Piano sociosanitario Regionale, taglio alle risorse per i disabili: parlano Francesco Battistini e Gianni Pastorino

GENOVA- Dibattito sul Piano Sociosanitario Regionale interrotto per ascoltare una nutrita delegazione delle associazioni che si occupano di assistenza ai disabili. Le organizzazioni denunciano la revisione delle sistema di autorizzazione e accreditamento prevista nel testo prossimo al voto, cui si affiancano una regressione tariffaria per i servizi e l’ennesimo taglio del 5% alle risorse rispetto allo scorso anno. Tali scelte del centrodestra comporteranno una riduzione e un peggioramento delle condizioni di accesso alle prestazioni, con pesantissimi disagi per pazienti, famiglie e lavoratori.

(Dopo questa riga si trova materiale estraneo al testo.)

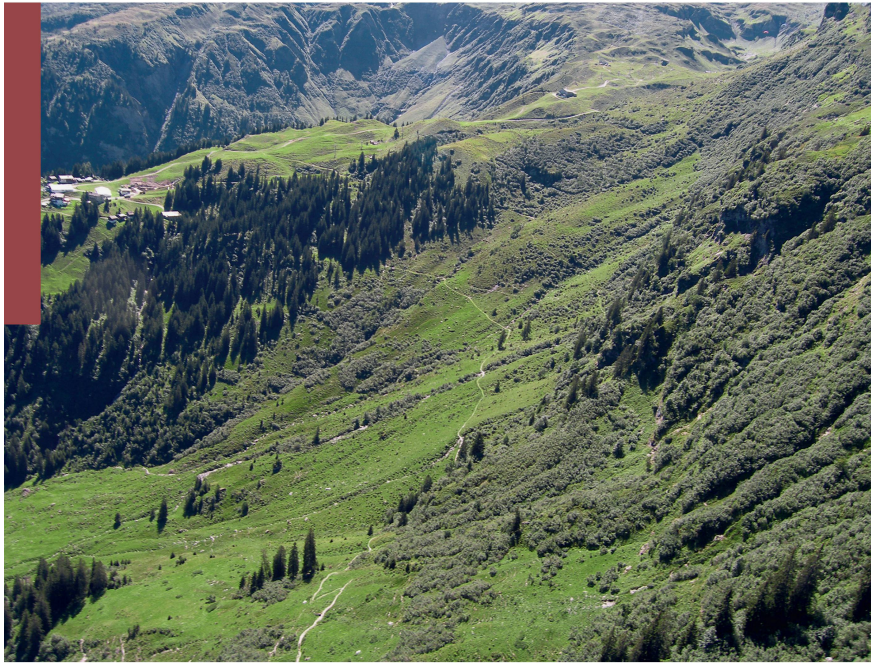
Abb 1 Grünerlenbestände auf der Alp Mugg beim Eingang zum Weisstannental (SG).

heimische, invasive Art, welche sich in optimalen Lagen rasch ausbreitet (Anthelme et al 2007). Dies zeigt sich derzeit im Alpenraum, insbesondere im Bereich der Waldgrenze nach der Aufgabe von Sömerungsbetrieben. Die Grünerle weist eine effiziente Ausbreitungsstrategie auf: Die Neubesiedlung erfolgt mit einer grossen Anzahl leichter, flugfähiger Samen, die Regenerierung des eigenen Bestandes mit Ablegern. Sie besitzt Wurzelknöllchen, die mithilfe von aktinomyzotischen Bakterien ( Frankia alni ) Luftstickstoff fixieren und den Boden damit anreichern (Delarze & Gonseth 2008). Dies fördert die Bildung von nährstoffliebenden Hochstaudenfluren im Unterwuchs, welche zusätzlich zu den Grünerlen das Aufkommen von Hochwald erschweren oder gar verunmöglichen. Durch Nitratauswaschung kann zudem die Trinkwasserqualität beeinträchtigt werden (Bühlmann 2011).

Il punto di vista di Rete a Sinistra / LiberaMente Liguria. «Nei 3 miliardi del bilancio della sanità ligure, la quota destinata ai disabili è oggi di solo 210 milioni: una percentuale bassissima, che la giunta vuole tagliare ancora. Chi pensa di voler risanare il bilancio della sanità risparmiando sui disabili, sta facendo una cosa lontana dall’umanità, un atto politico intollerabile. Non si può accettare una regressione del sistema tariffario che parte dal 95%. Certo è che se si decide di creare Alisa e di aumentare i dirigenti, da qualche parte poi si deve risparmiare –dichiarano i consiglieri regionali Gianni Pastorino e Francesco Battistini -. La disabilità non può essere considerata un costo. I disabili hanno bisogni, le famiglie devono affrontare enormi difficoltà quotidiane, chi presta loro assistenza deve essere tutelato e sostenuto. E serve personale qualificato rispetto a un’utenza specifica, analogamente a quanto avviene con le specialità dei reparti ospedalieri».

«Nel 2010 la precedente giunta aveva deciso per i tagli; da allora la situazione è soltanto peggiorata –commentano Pastorino e Battistini -. Ad esempio, è assurdo che le ASL non indirizzino pazienti agli istituti: le strutture hanno in media il 10-15% di posti liberi, purtroppo lasciati inutilizzati, quando le liste d’attesa sono chilometriche e, ancor più grave, tenute segrete. L’assessore Viale vuole dimostrare discontinuità? Dica alle ASL di rendere pubbliche queste liste. E dica chiaramente che non ha intenzione di tagliare budget e tariffe. I primi segnali, invece, sono tutt’altro che incoraggianti: «Ci risulta che sia stata interrotta la diretta streaming del consiglio, proprio in concomitanza con le proteste scoppiate in aula per le mancate risposte dell’assessore – concludono Pastorino e Battistini -. Non è la prima volta che ciò avviene, e non promette nulla di buono».